Она не хотела, чтобы он был уж очень счастлив там, в этой своей Канаде или где-нибудь еще. Это было бы несправедливо по отношению к ней и детям. Отец должен разделить судьбу семьи. Столько детей понаделать и бросить ее в молодые годы, в самом начале жизни… Оставить одну с сопливой, голодной и неумной оравой, одну в бесконечной череде ночей, когда крепкое тело ждет себе пару, — разве все это не свинство?

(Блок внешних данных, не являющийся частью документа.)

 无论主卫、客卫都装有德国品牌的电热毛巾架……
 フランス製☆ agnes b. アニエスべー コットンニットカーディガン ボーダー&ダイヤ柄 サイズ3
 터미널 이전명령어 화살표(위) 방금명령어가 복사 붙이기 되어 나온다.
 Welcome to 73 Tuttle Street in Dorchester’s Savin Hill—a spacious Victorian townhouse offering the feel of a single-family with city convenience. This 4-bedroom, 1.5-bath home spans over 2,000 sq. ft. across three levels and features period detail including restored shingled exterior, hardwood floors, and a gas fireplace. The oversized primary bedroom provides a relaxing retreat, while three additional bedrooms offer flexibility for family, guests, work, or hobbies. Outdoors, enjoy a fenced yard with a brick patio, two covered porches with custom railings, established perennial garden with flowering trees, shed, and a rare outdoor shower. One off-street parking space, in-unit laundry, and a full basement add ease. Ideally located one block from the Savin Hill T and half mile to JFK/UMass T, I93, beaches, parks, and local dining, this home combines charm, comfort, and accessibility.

Она откровенно не хотела ему большой удачи. Тут она не лукавила ни перед собой, ни перед детьми, если у них случался такой разговор. И она начинала придумывать, что у него там может не ладиться. Если он разбогател так, что держит свою ферму, то у фермера все может случиться — и неурожай, и мокрый или засушливый год, и крот на огород напал, или молоко в бидонах скисло… Она не могла представить его никем другим, потому что видела только при земле. И рассчитывала, что когда придет от Федора письмо, то получит и подтверждение своим догадкам. Она крепко надеялась, что Федор все же пришлет ей письмо, чтобы попрощаться на этом свете. И, если сказать честно, не торопилась умирать, не дождавшись от него письма. Она думала, что Федька чувствует ее точно так же, как и она его. И знает, что она ждет его письмо. Напрасно, что ли, долгими ночами она вела с ним беседы, совета просила, бедой делилась. С ним сначала, потом с Богом. На Бога она больше надеялась.

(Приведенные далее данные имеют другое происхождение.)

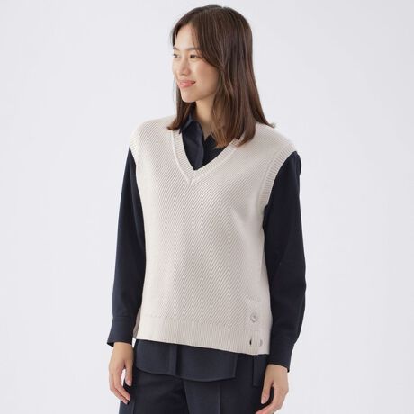 【ウォッシャブル】ストレッチコットンニットジレ
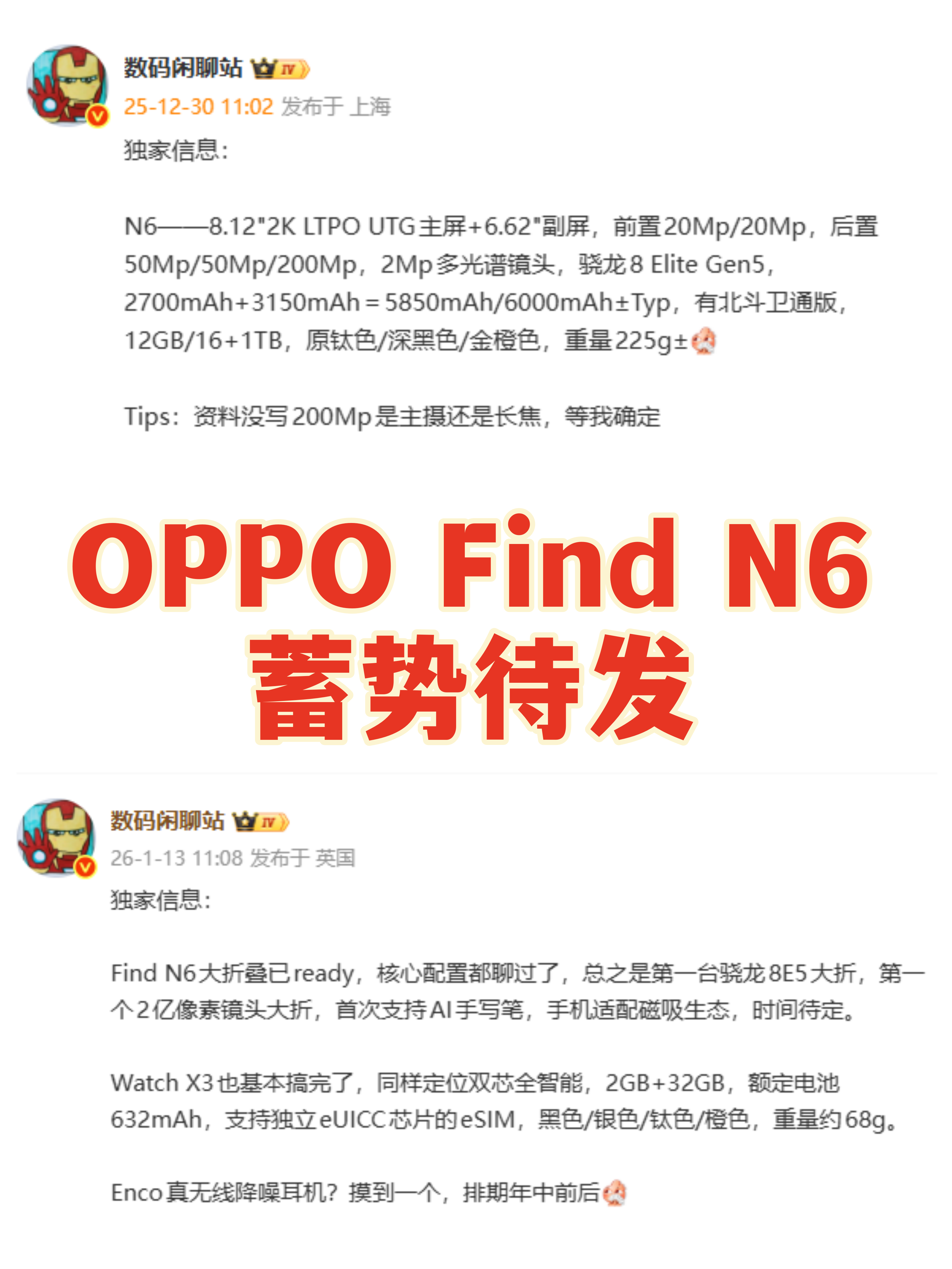 不过纵观整个折叠屏市场,除了苹果以外,别的厂商倒是在影像上下了猛料,比如同样选择2026年亮相的OPPO Find N6很可能自带由5000万像素+5000万像素+2亿像素+200万像素多光谱镜头的后置影像系统而来,这不直接将国产折叠屏的拍摄体验提到Next Level了?!

Днем к ней на скамейку разные прохожие-проезжие люди подсаживались. Кто куда шел — садился отдохнуть на полдороге. Один Слыш приходил специально, поговорить. Они были одногодки, и пережитое объединяло их. Он, похоже, относился к ней серьезно и понимал лучше других. Хотя с ним она не была откровеннее, чем с другими.

Однажды Слыш притащился чем-то встревоженный. Она это заметила издали, но решила не обращать внимания: людские тревоги стали утомлять. Помяла в пальцах полу его пиджака. Пиджак был с чужого плеча — большой, коричневый, в выцветшую белую полоску. И дедок выглядел в нем как старый сморщенный желудь в обертке от орехового шоколада.

— Видать пана по халявах. С внука жакетку снял?

Слыш не отреагировал. Покряхтел, прицеливаясь тощим задом на скамейку, наконец присел. Поинтересовался, как жизнь.

— А ништо, — ответила она. — Воды хоть залейся, камней — хоть завалися. Хлеба прикупивши, жить можно.

— Ты, баба, без присказки и с печи не свалишься.

— От живу. Скрипучее дерево лес перестоит.

— Слыш, Татьяна, что мне внук рассказал? Он книгу одну читал. Говорит, в Германии много наших солдат от войны осталося. Живут в инвалидных домах. Вернуться домой не могут — калеки. Тыс-сячи таких солдат, тыс-сячи…

Она приняла удар молча. Поняла все, что хотел сказать Слыш. Оперлась крепче на свой киек, положила подбородок на руки, сжалась вся. Нет, такой судьбы Федору она не желала. Чтобы лежать столько лет, и не дома, а в чужом краю, и не иметь силы себя обслужить, и чтобы тебе помогала старая немка… Жена или мать, или сестра того солдата, который на твоей земле гадил… Не- ет. Такой доли она ему точно не хотела.

Слыш, понимая, что ошарашил ее своим рассказом, стал лихорадочно вспоминать последние деревенские события, чтобы отвлечь от тяжкого.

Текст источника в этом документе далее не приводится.